= Cinematography in healthcare =

The concept of healthcare knowledge transfer using cinematography recognizes that films with carefully crafted and verified content, using graphics, animations and live-action video, can be one of the most efficient ways of transferring knowledge with clarity and speed, to both lay-people and healthcare professionals.

==History==

===Late 19th century===

The use of cinematography to enhance healthcare practice and delivery dates back to the late 19th century in Western Europe. Étienne-Jules Marey (a French scientist and physiologist), Eugène-Louis Doyen (a French surgeon), Bolesław Matuszewski (a Polish cameraman, in France his first name was written as Boleslas), and Gheorghe Marinescu (a Romanian neurologist) are some of the pioneers of medical cinematography.

In 1888, Doyen had his surgeries captured on film. His films were brought into disrepute by the fact that they were copied and shown on fairgrounds. The resulting social prejudice may explain the slow take-off of medical cinematography. For example, in 1910 someone said the following regarding Doyen's videos: ,“These pictures savoured of advertisement, and were never popular, save as a side show among the less scientifically inclined members of the profession.” Doyen's work, however, marked the distinction between the concepts of ‘film for entertainment’ versus ‘film for medicine’.

In 1893, Marey used the technique to study human physiology and movement. In 1898 Boleslas Matuszewski recorded medical films in Paris (at the time, the world's neurological capital). At Salpêtrière and Pitié hospitals he filmed surgeries and cases of people affected by nervous and mental disorders.

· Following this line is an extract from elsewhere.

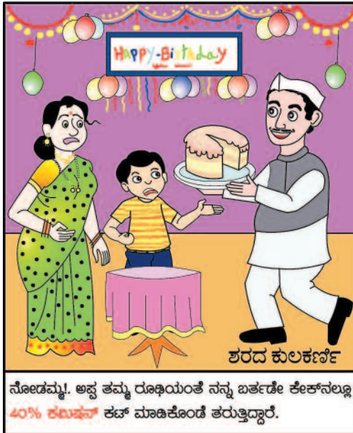
ನೋಡಮ್ಮ! ಅಷ್ಟ ತಮ್ಮ ರೂಢಿಯಂತೆ ನನ್ನ ಬರ್ತಂಡೇ ಕೇಕ್‌ನಲ್ಲೂ 40% ಕಟುಷ್ಣ ಕಟ್ ಮಾಡಿಕೊಂಡೆ ತರುತ್ತಿದ್ದಾರೆ.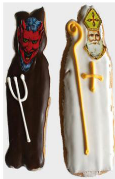
Lebkuchen Krampus und Nikolaus 20

Gheorghe Marinescu (Romanian neurologist) studied under renowned French professor Jean-Martin Charcot and returned to Bucharest as Chief Physician at Pantelimon Hospital. Between 1898 and 1902 he conducted a cinematographic project, recording and analyzing a series of neurological conditions in patients. He perfected the application of filming techniques to clinical neurology and published five articles based on cinematographic analysis. Marinescu wrote that the role of cinematography is “to complement and even replace, in whatever measure possible, the descriptive exposition of phenomena by more rigorous, more exact analysis, which consists of recording movement with the help of special procedures”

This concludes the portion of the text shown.